# matrix-monitoring
------

Some scripts to monitor your server and send data to matrix. Those scripts use a [matrix-sender](https://github.com/Oxbian/matrix-sender), another script I made to send message to matrix.

## Install

To install this project & load submodules, use:

```bash
git clone --recurse-submodules https://github.com/Oxbian/matrix-monitoring.git
```

Or you can use:
```bash
git clone https://github.com/Oxbian/matrix-monitoring.git
git submodule update --init --recursive
```

## Update

To get the latest update from this repo, you will need to run those commands in the matrix-monitoring folder:  

```bash
git stash
git pull origin main
git pull --recurse-submodules
git stash pop
```

Thanks to those commands you will be able to get the last update without losing your token & configurations.  

## Logwatch

First you need to configure matrix-sender, I recommend you to check the repo [matrix-sender](https://github.com/Oxbian/matrix-sender).  

After that you need to edit `logwatch.sh` to add the `matrix.sh` absolute path.  

Now you can add the script to your crontab, `sudo crontab -e`.  
```bash
0 0 * * * /home/oxbian/matrix-monitoring/logwatch.sh
```

## SSH Login

The script `login-notify.sh` will allow you to get a message when someone successfully open a SSH connection on your server.  

First, you will need to have matrix-sender configured, then add the path of matrix.sh in the `login-notify.sh` script.  

After that I recommand to create a symlink of this file in `/etc/ssh` and let the access to root only for security reason.

```bash
sudo ln -sf "$(pwd)/login-notify.sh" /etc/ssh/login-notify.sh 
sudo chown root:root /etc/ssh/login-notify.sh
```

After that you will need to add those lines in your pam configuration `/etc/pam.d/sshd`:

```bash
#Send a message on SSH connection
session optional pam_exec.so seteuid /etc/ssh/login-notify.sh
```

## Fail2Ban

First you need to configure matrix-sender, I recommend you to check the repo [matrix-sender](https://github.com/Oxbian/matrix-sender).  

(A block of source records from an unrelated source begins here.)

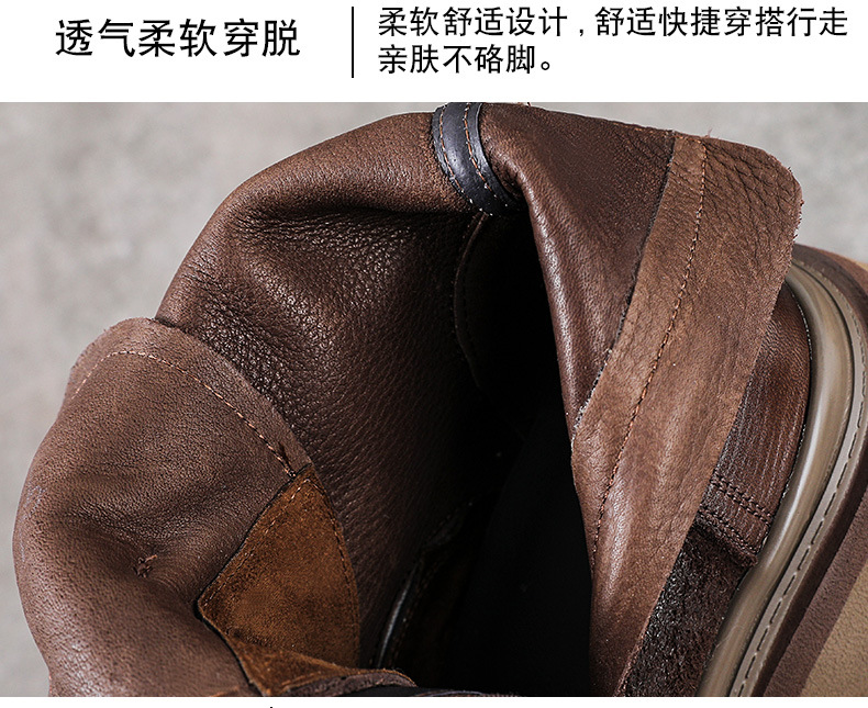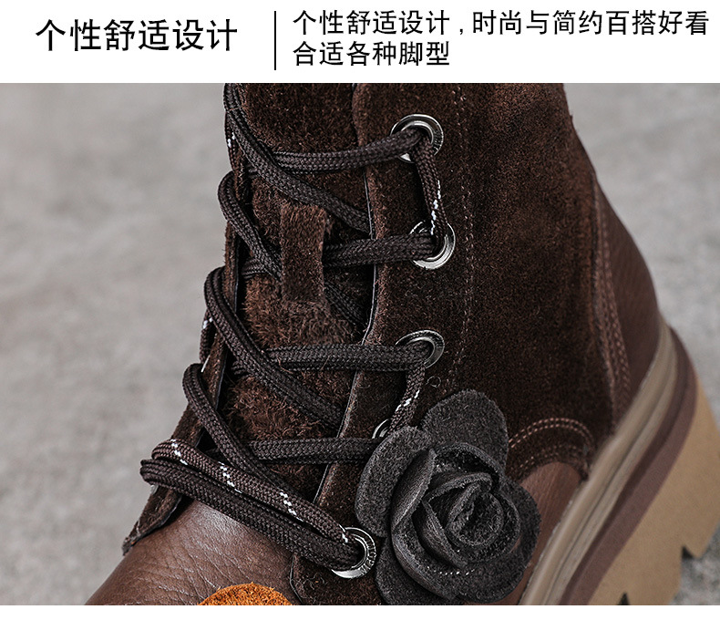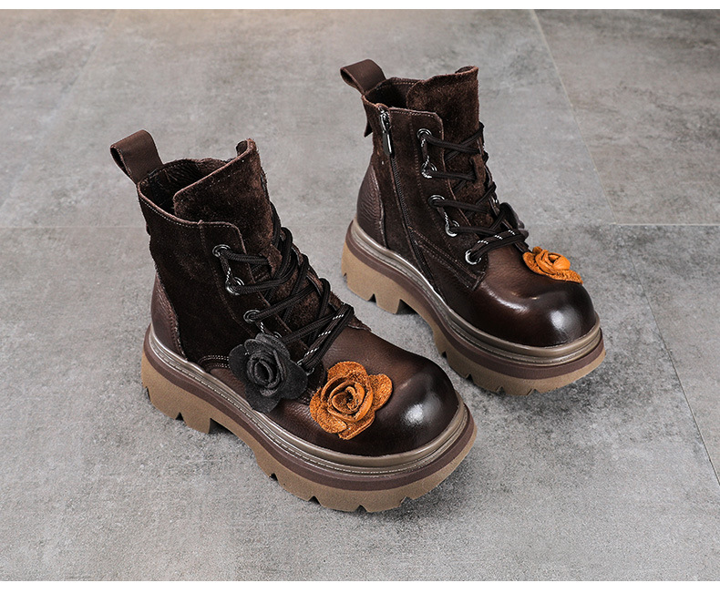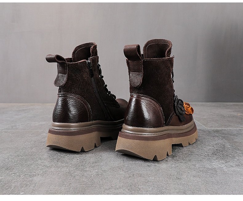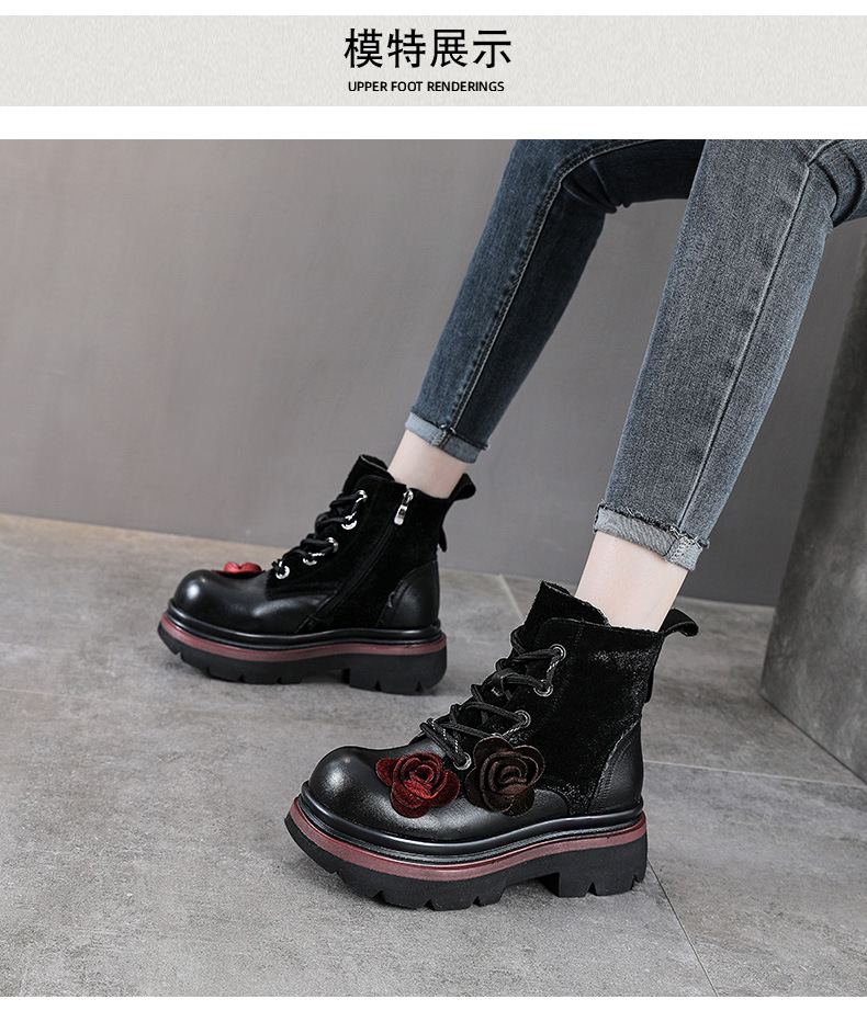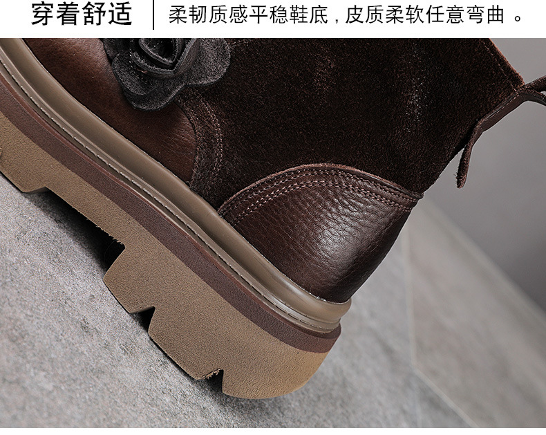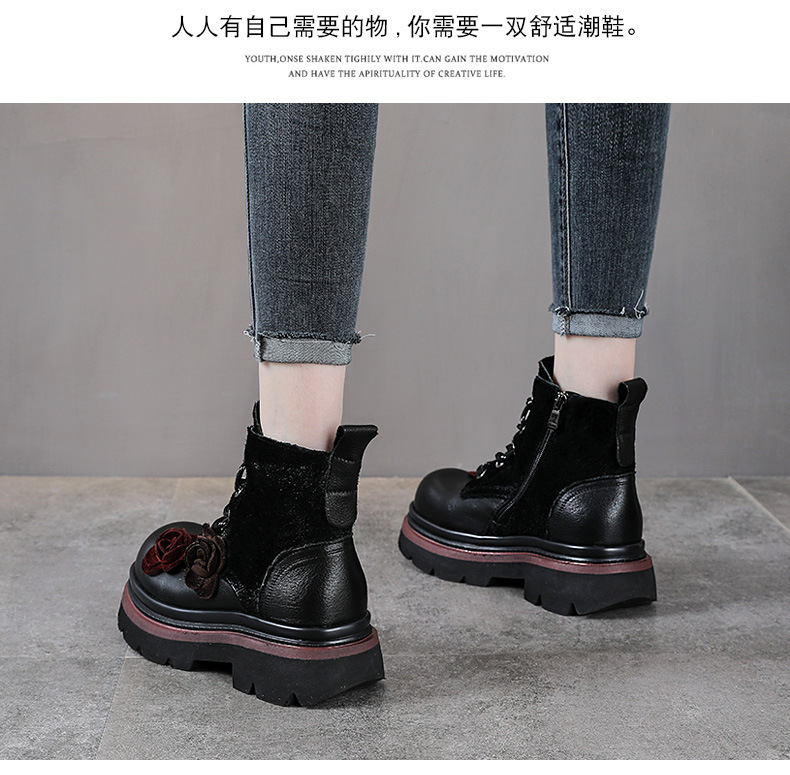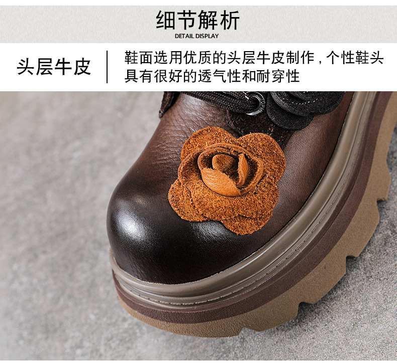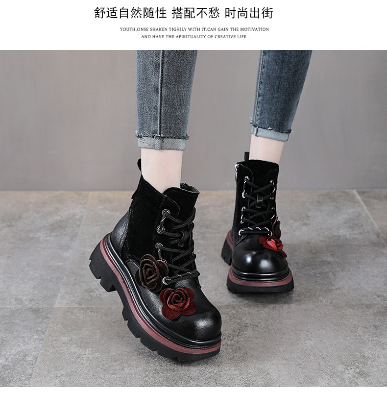 YR 2956头层牛皮复古厚底马丁靴花朵短靴厚底休闲高帮靴 商品图4
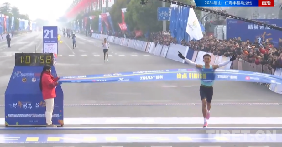 圖為2024仁壽半程馬拉來自西藏自治區(qū)運(yùn)動(dòng)員扎西次仁奪冠并打破全國(guó)半馬記錄
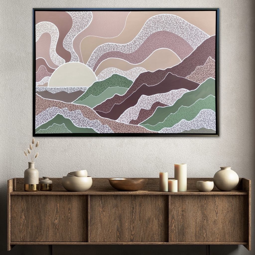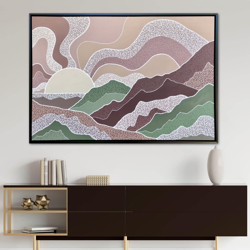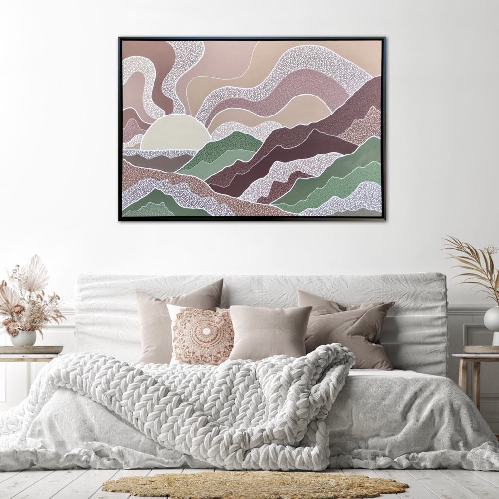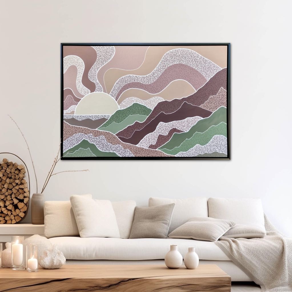 Desert Rose & Setting Sun with hues of Olive Green in the mountain ranges area

After that you need to edit `Fail2Ban/matrix.conf` and change the absolute path to your `matrix.sh` script.

Once all this is done, you can copy the `jail.local` in your `jail.d` folder and `matrix.conf` in the `action.d` folder.

```bash
sudo ln -sf "$(pwd)/Fail2Ban/jail.local" /etc/fail2ban/jail.d/jail.local
sudo ln -sf "$(pwd)/Fail2Ban/matrix.conf" /etc/fail2ban/action.d/matrix.conf
```

After that just restart the fail2ban service and check for errors, and if you have some, fix them.

You will probably need to edit the jail.local script to your liking.

## Contributing

If you want to contribute, make a pull request with your contribution.  

## License

This project is under the GPLv3 license, you can use it in your project but not in closed sources ones.  
Sharing project is what make the world live, think about it.